Mit den Pattergrisen bist du gut beraten ;-) ...

ausserdem dürfen in meiner Box nicht fehlen

- Polar Magnus
- Juletrae
- Tangläufer
- nachts Wooly Bugger

;-) die anderen werden nicht verraten ...


----------



## xfishbonex (6. August 2010)

*AW: Mefo: Spinnen mit Blinker und Fliege*



ven schrieb:


> Hallo,
> 
> ich wollte vor meinen Blinker eine Fliege montieren. Habe das schon bei einigen Leuten gesehen. Am liebsten hätte ich da eine Garnelenfliege.
> 
> ...


Wenn ich sowas lese #dwenn du mit Blinker fischt ist das doch scheiß egal ob sinkend oder schwimmend 
ich würde an deiner stelle die gute alte POLAR MAGNUS benutzen als sprinnger fliege 
die geht eigentlich immer 
warum 
frag die mefos mal |kopfkrat


----------



## xfishbonex (6. August 2010)

*AW: Mefo: Spinnen mit Blinker und Fliege*



JanS schrieb:


> Mit den Pattergrisen bist du gut beraten ;-) ...
> 
> ausserdem dürfen in meiner Box nicht fehlen
> 
> ...


 da du ja mit den platten tanzt :qbraust du die anderen fliegen auch nicht verraten #d den wattwurm würde ich nur am spiro fischen


----------



## Zacharias Zander (7. August 2010)

*AW: Mefo: Spinnen mit Blinker und Fliege*



xfishbonex schrieb:


> Wenn ich sowas lese #dwenn du mit Blinker fischt ist das doch scheiß egal ob sinkend oder schwimmend
> ich würde an deiner stelle die gute alte POLAR MAGNUS benutzen als sprinnger fliege
> die geht eigentlich immer
> warum
> frag die mefos mal |kopfkrat


|good:


----------



## Klaus S. (26. August 2010)

*AW: Mefo: Spinnen mit Blinker und Fliege*

Hab jetzt die Polar Magnus geordert aber die hatten sie nur in Göße 4. Sollte ich noch versuchen welche in 6 zu bekommen oder ist 4 auch OK? Was würdet ihr einen Anfänger für Blinker empfehlen? 
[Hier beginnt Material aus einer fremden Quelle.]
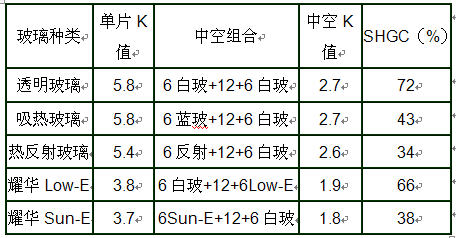 Low-E玻璃是一种对波长范围4.5~25微米的远红外线有很高反射比的镀膜玻璃。在我们周围的环境中,由于温度差引起的热量传递主要集中在远红外波段上,白玻、吸热玻璃、阳光控制镀膜玻璃对远红外热辐射的反射率很小,吸收率很高,吸收的热量将会使玻璃自身的温度提高,这样就导致热量再次向温度低的一侧传递。与之相反,Low-E玻璃可以将温度高的一侧传递过来的80%以上的远红外热辐射反射回去,从而避免了由于自身温度提高产生的二次热传递,所以Low-E玻璃具有很低的传热系数。以耀华生产的在线Low-E玻璃为例,与其它类型玻璃的对比见表2,其中耀华Low-E组合成中空时,传热系数可以达到1.9 W/m2K,比普通的白玻中空K值降低了30%。并且Low-E中空玻璃的SHGC值和可见光透过率可以按照节能的需要在生产时进行调节,严寒地区使用时可以采用可见光高透型的耀华Low-E中空玻璃,在炎热地区可以采用具有遮阳效果的耀华Sun-E中空玻璃。

Wie weit sollte der Blinker von Springer weg sein und wie lang die Mundschnur vom Springer?

Edit: Die Preise für Polar Magnus gehen ja ganz schön weit auseinander.  Ich hab sie für 1,07,- das Stk. geordert und im obigen Link kostet eine  3,-. Gibt es da Qualitätsunterschiede??


----------



## Mr. Sprock (26. August 2010)

*AW: Mefo: Spinnen mit Blinker und Fliege*

Es gibt Qualitätsunterschiede und Unterschiede hinsichtlich der verwendeten Haken, aber vor allem kommt es darauf an, wo die Fliegen her kommen.
Die günstigsten Fliegen werden oft von Kindern unter schlimmsten Bedingungen in Indien und anderswo gebunden. Da mal beim Anbieter nachfragen, wenn du sowas nicht unterstützen willst.


----------



## marioschreiber (26. August 2010)

*AW: Mefo: Spinnen mit Blinker und Fliege*

Die billigen, oft im Ausland gebundenen, sind vorallem nicht von Anglern gebunden.
Denen ist egal ob sich die Fliege sich nach ein paar würfen in ihre Bestandteile zerlegt !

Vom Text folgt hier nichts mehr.